= 1200s BC (decade) =

The 1200s BC is a decade that lasted from 1209 BC to 1200 BC.

==Events and trends==
- 1207 BC
  - Pharaoh Merneptah claims a victory over Libyans and Sea Peoples at the Battle of Perire.
  - October 30 - Earliest known dateable solar eclipse.
- 1206 BC: Approximate starting date of Late Bronze Age collapse, a period of migration, unrest and destruction in the eastern Mediterranean and Ancient Near East, and beginning of the Iron Age in the Near East.
- 1204 BC: Theseus, legendary King of Athens, is deposed after a reign of 30 years and succeeded by Menestheus, great-grandson of Erichthonius II of Athens and second cousin of Theseus' father Aegeus. Menestheus is reportedly assisted by Castor and Polydeuces of Sparta, who want to reclaim their sister Helen from her first husband Theseus. Theseus seeks refuge in Skyros, whose King Lycomedes is an old friend and ally. Lycomedes, however, considers his visitor a threat to the throne and proceeds to assassinate him. (Other accounts place these events a decade earlier. See 1210s BC.)
- c. 1200 BC: Start of Pan-Illyrians
- c. 1200 BC: Collapse of Hittite power in Anatolia with the destruction of their capital Hattusa.
- c. 1200 BC: The Israelite highland settlement takes place, with a notable increase in the settled population in the hills north of Jerusalem during this time.
- c. 1200 BC: Massive migrations of people around the Mediterranean and the Middle-East. See Sea People for more information.
- c. 1200 BC: Aramaic nomads and Chaldeans become a big threat to the former Babylonian and Assyrian Empire.
- c. 1200 BC: Migration and expansion of Dorian Greeks.

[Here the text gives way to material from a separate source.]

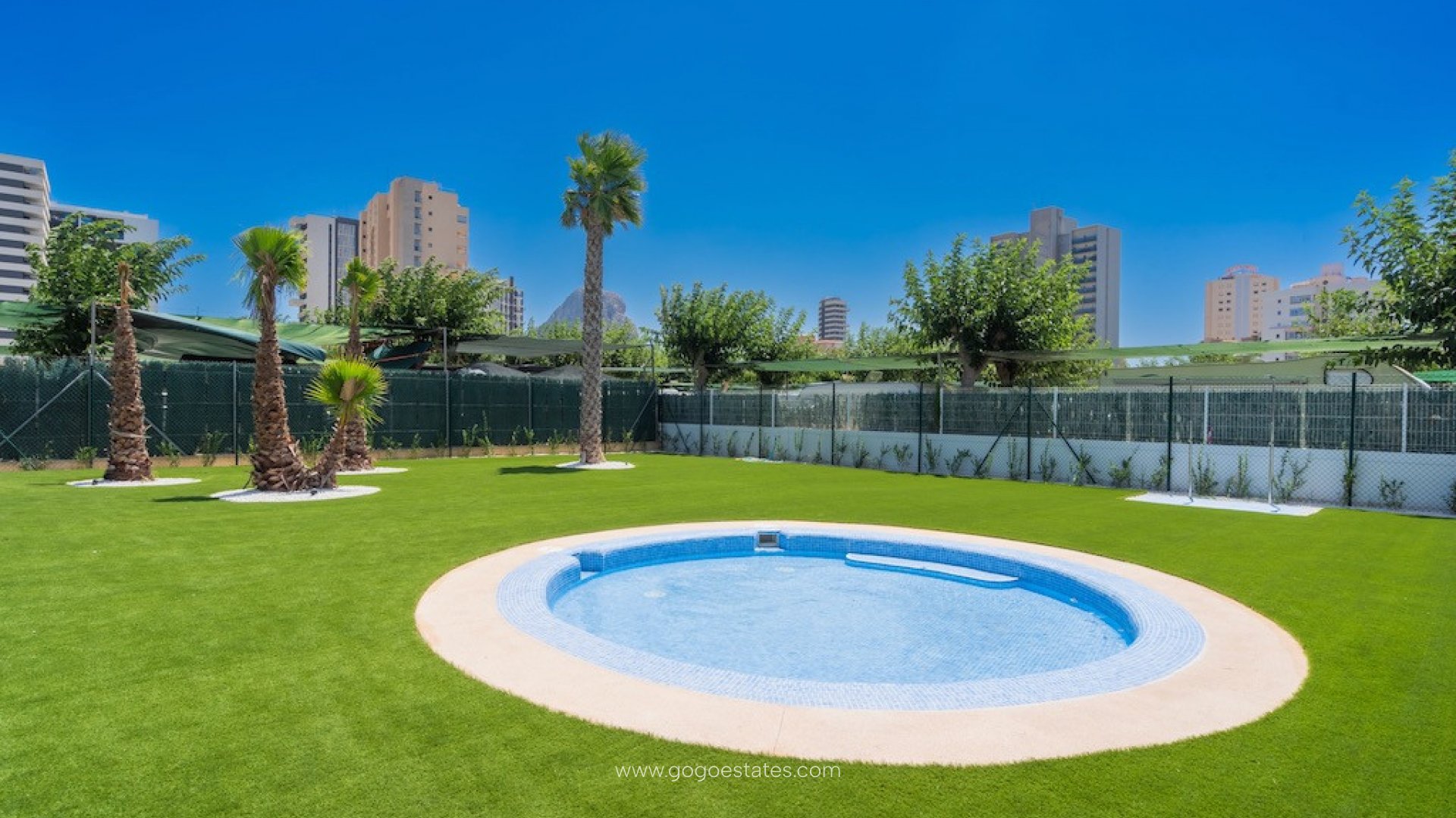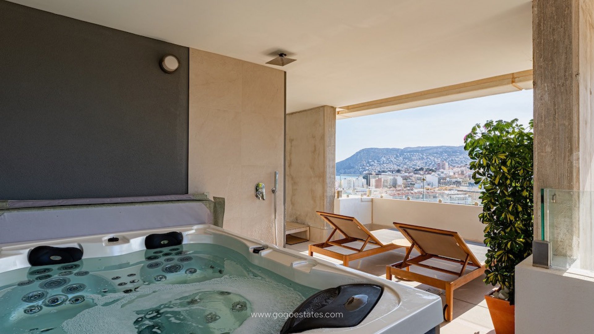 Luxe Appartement met Panoramisch Zeezicht op slechts een steenworp afstand van het Strand in Calpe Ontdek dit uitzonderlijke appartement uit 2024, gelegen op slechts een korte wandeling van het zandstrand van Arenal in Calpe. Dit appartement op de 14e verdieping bevindt zich in een exclusief, laagbouw wooncomplex met slechts 25 units en biedt ongeëvenaarde privacy, aangezien het het enige appartement op deze verdieping is. Het interieur is ontworpen met het oog op comfort en ruimte en beschikt over een lichte open woonkamer en keuken, die zijn aangepast ten opzichte van de oorspronkelijke indeling om de ruimte en het licht te maximaliseren. Grote schuifdeuren geven toegang tot drie ruime terrassen van elk meer dan 30 m², die dankzij de oriëntatie op het oosten, zuiden en westen een prachtig uitzicht en zonlicht van 's ochtends tot 's avonds bieden. De woning beschikt over twee royale slaapkamers, beide met een eigen badkamer en directe toegang tot de terrassen. Het terras op het westen is uitgerust met een buiten douche met warm en koud water en heeft een jacuzzi, waardoor het een ideaal privétoevluchtsoord is om te ontspannen. De hoogwaardige afwerking omvat een moderne keuken met Bosch-apparatuur, vloerverwarming in de badkamers en elektrische rolluiken in het hele appartement. Het appartement wordt volledig gemeubileerd en instapklaar verkocht, met een toeristische verhuurvergunning, waardoor het een uitstekende kans is voor zowel privégebruik als investering. Inbegrepen in de prijs zijn een beveiligde ondergrondse parkeerplaats en een berging. Een tweede parkeerplaats is optioneel beschikbaar. Bewoners hebben toegang tot een breed scala aan voorzieningen, waaronder een zwembad van 22 meter, een apart kinderbad, een speeltuin, een padelbaan en een moderne fitnessruimte, waardoor ze kunnen genieten van een resortachtige levensstijl op slechts enkele minuten van het stadscentrum en de kustlijn. Een zeldzame kans om een opvallend luxueus en modern appartement te bezitten op een van de meest gewilde locaties van Calpe.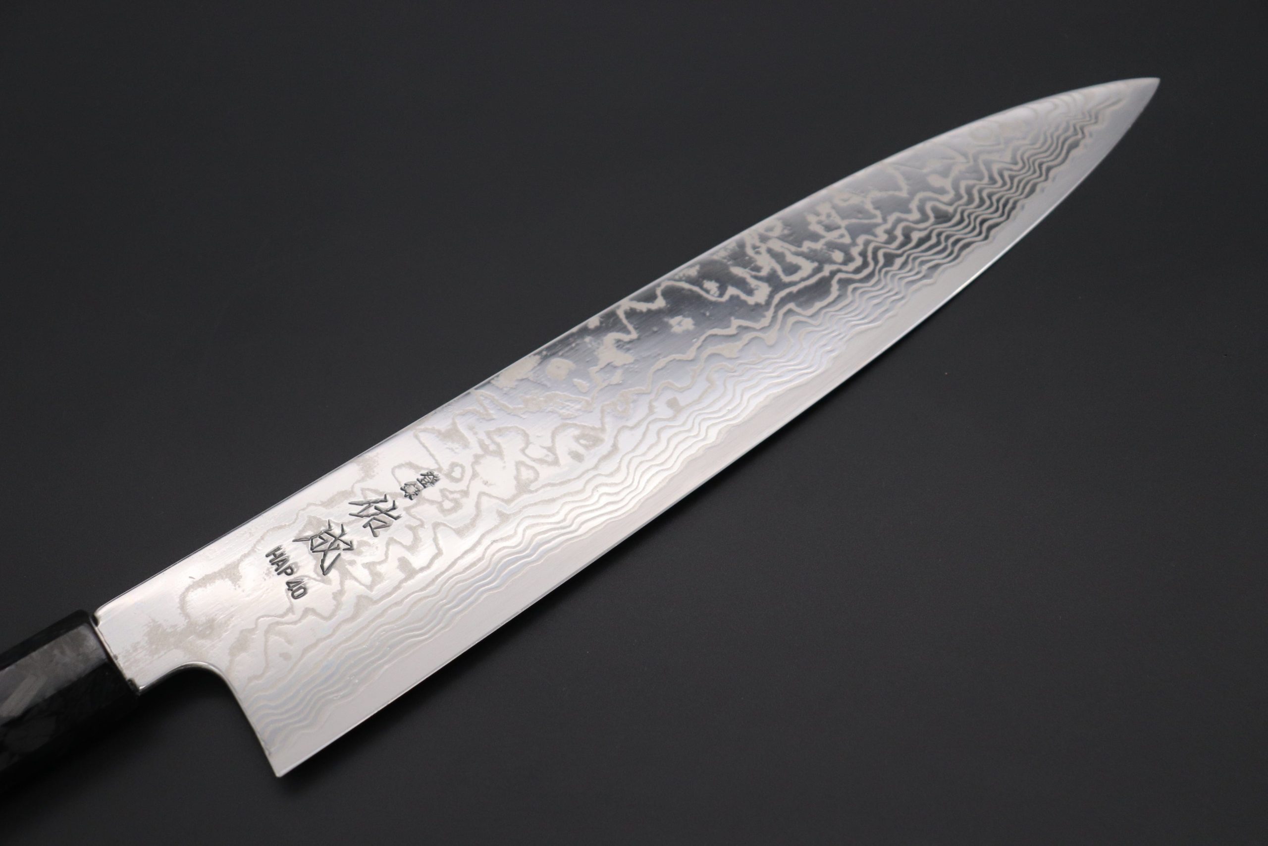 Hitachi HAP-40 is currently one of the most mysterious and attractive steels produced in Japan. This hi-tech powdered metal steel alloy has a very rich chemical position and, when it is forged and heat-treated properly, we believe that it probably offers better cutting performance and edge retention than any other high-quality Japanese steel.

Destruction of Mycenaean city Pylos.
- c. 1200 BC: Final destruction of the major Mycenian city excavated at Iklaina.
- c. 1200 BC: The Cimmerians are conjectured to have started settling the steppes of southern Russia.
- c. 1200 BC: The proto-Scythian Srubna (Timber-grave) culture expands from the lower Volga region to cover the whole of the North Pontic area.
- c. 1200 BC: Olmec culture starts and thrives in Mesoamerica.
- c. 1200 BC: San Lorenzo Tenochtitlán starts to flourish.
- c. 1200 BC: Ancestral Puebloan civilization in North America. (approximate date)
- c. 1200 BC: Possible battle in the Tollense River Valley of northern Germany.
- c. 1200 BC: The Yajurveda is composed.

==Literature==
- Tale of Two Brothers from the Egyptian Papyrus D’Orbiney by the scribe Ennana.